# Pics of Havannah



## Subie14 (Jun 4, 2009)

So as requested here is a few misc. pics of the munchkin. The bright purple thing is her "Pladdy" a kinda ugly purple beenie-baby that my mother gave here when we first brought her home. At that time the thing was bigger then her and yet she still managed to lug it all over the place with her. Now she is big enough to actually carry it around the house and wherever she is, "Pladdy" has to be also!

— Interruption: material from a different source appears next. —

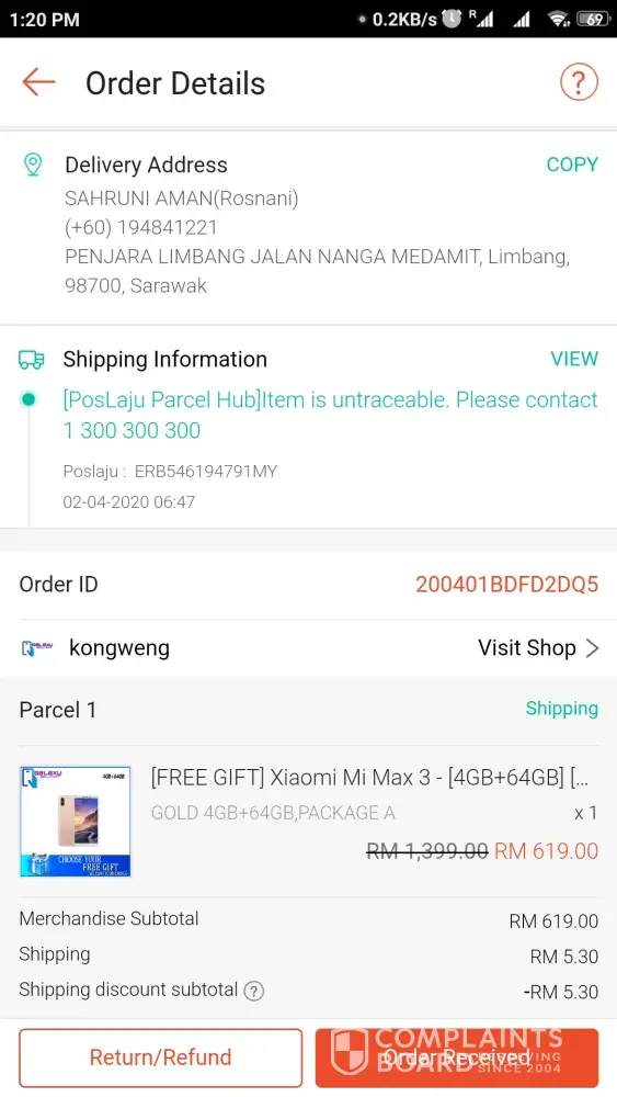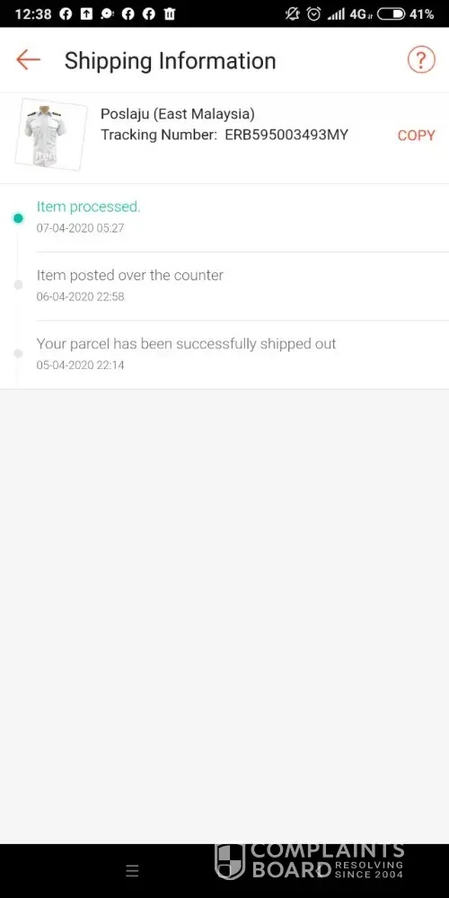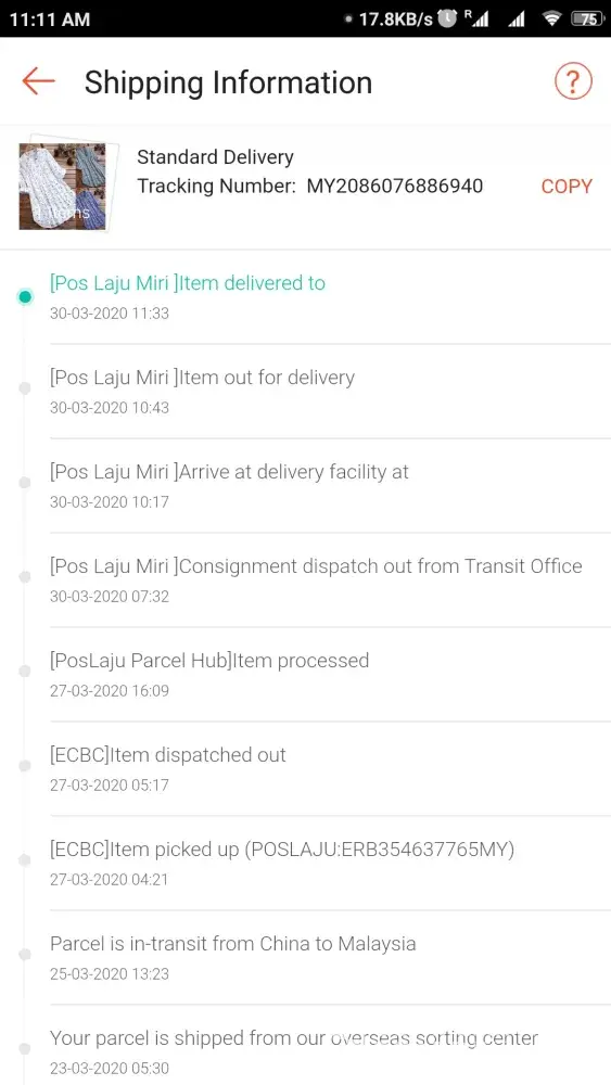 I'd buy an iphone casing since Sunday (29/03/20) and the items has deliver to Poslaju Batu Caves. I checked my tracking number ERB526585042MY and still ‘on process'. STILL ON PROCESS until now, Friday (03/04/20). Why it takes almost a week to process the parchel? I also call customer service contact but unfortunately, the number doesn't exist, like heck? Ur officer should determind and update your system & communication. Please have a check immediately on my track id because its been a week tho. Thanks

The red doxie is her 'aunt' Rustie.










my hubby has better pics on his ras-berry phone.


----------



## SMARTY (Apr 19, 2007)

How cute is she? from 1 to 10? 10 of course.........and Rusty looks like a real gentleman.


----------



## HavaneseSoon (Nov 4, 2008)

Awwwwwwwwwwwwwwwwwwwwww.....So cute!


----------



## Leslie (Feb 28, 2007)

What a cutie Havannah is! I love the shot of her all tucked in sleeping w/"Pladdy"


----------



## BeverlyA (Oct 29, 2006)

awwwwwww what a sweetie!!!

Thanks for the pictures!

Beverly


----------



## Lilly's mom (Aug 10, 2007)

She is so cute. Ask DH if he will post his pictures. ALL pics are loved here. hoto:


----------



## marjrc (Jan 13, 2007)

Very sweet! I love the one of Havannah tucked under her blankie with her Pladdy. Sooooo cute!


----------



## Kathie (Jul 31, 2008)

She is so cute especially with her "Pladdy"!


----------



## Lunastar (Feb 9, 2009)

OH she is just the sweetest little thing.


----------



## LuvCicero (Mar 31, 2008)

She is a doll. Thanks for sharing the pictures.


----------



## Sheri (Oct 11, 2008)

What a sweety, I like the one of her sleeping with Pladdy, too. Post more, please!


----------



## maryam187 (Jul 18, 2007)

:welcome: and what a darling face to see right before going to bed! Havannah is just too cute for words.


----------



## RikiDaisyDixie (Apr 15, 2008)

*We luv puppies...*

My next havanese will definitely be a black one! I love the white areas too.

She is a little doll.


----------



## Nanny (May 18, 2009)

Welcome!!What a cutie reminds me of my Benji same age.


----------



## Mraymo (Oct 30, 2007)

She's such a cutie. Love the purple toy too.


----------



## Scooter's Family (May 23, 2008)

What a cutie!


----------



## marb42 (Oct 19, 2008)

Havannah is a little doll, and how sweet that Paddy loves her! Great pics!
Gina


----------